## [Assigned task]
From the records below, output exactly the lines starting at the line with "四年级二班的全体同学用情景剧" and ending at the line with "図工の学習では、保護者の方に", both of them included, but no pictures.

## [Given entries]
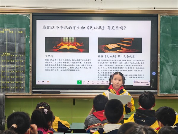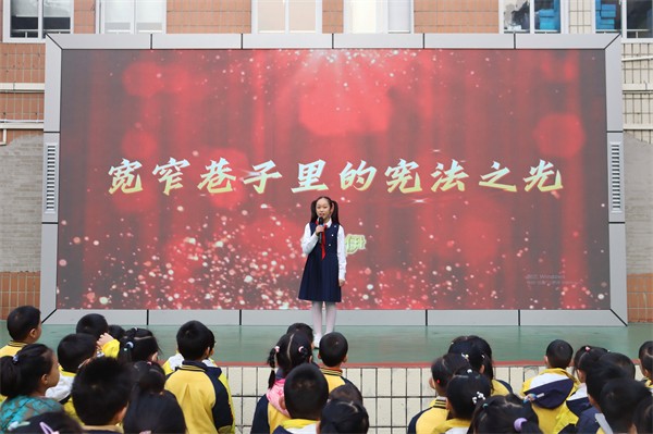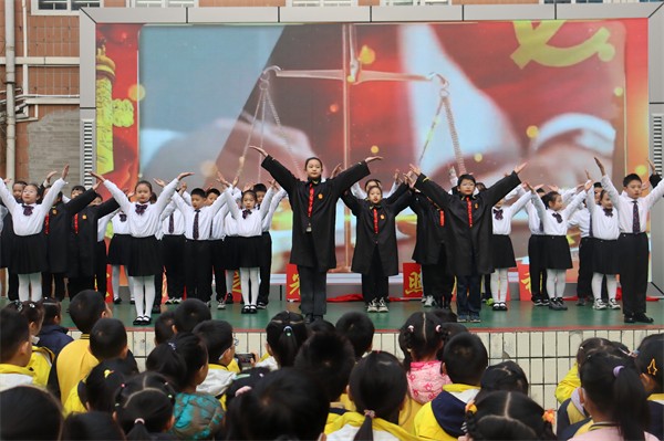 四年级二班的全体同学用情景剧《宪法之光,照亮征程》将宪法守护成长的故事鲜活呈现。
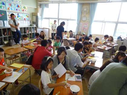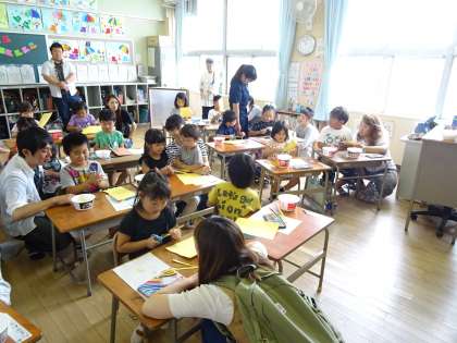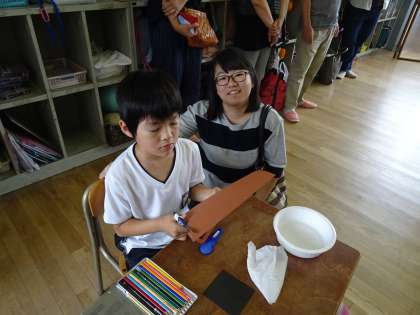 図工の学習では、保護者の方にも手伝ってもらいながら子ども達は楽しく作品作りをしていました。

* * *

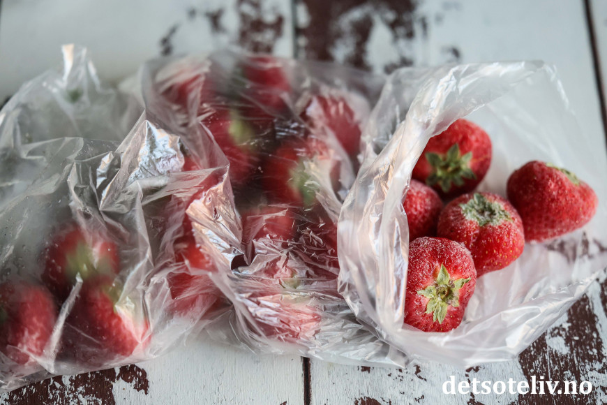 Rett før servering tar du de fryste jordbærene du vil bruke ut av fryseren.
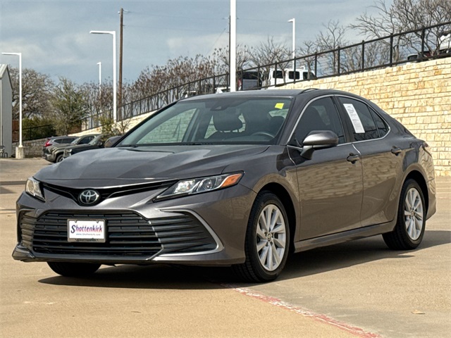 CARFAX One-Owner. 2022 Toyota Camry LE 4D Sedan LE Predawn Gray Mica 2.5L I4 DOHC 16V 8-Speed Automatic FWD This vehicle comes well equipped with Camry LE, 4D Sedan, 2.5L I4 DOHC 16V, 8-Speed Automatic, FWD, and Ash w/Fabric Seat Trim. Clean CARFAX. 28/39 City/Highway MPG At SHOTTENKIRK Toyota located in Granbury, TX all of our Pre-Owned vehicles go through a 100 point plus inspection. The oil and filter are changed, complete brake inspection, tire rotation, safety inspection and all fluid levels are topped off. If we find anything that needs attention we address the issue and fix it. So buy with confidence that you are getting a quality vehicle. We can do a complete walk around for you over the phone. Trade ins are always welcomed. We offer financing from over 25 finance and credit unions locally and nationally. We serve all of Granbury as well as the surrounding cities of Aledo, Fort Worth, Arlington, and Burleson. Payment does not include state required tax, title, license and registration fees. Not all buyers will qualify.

## [Worked solution]
 四年级二班的全体同学用情景剧《宪法之光,照亮征程》将宪法守护成长的故事鲜活呈现。
 図工の学習では、保護者の方にも手伝ってもらいながら子ども達は楽しく作品作りをしていました。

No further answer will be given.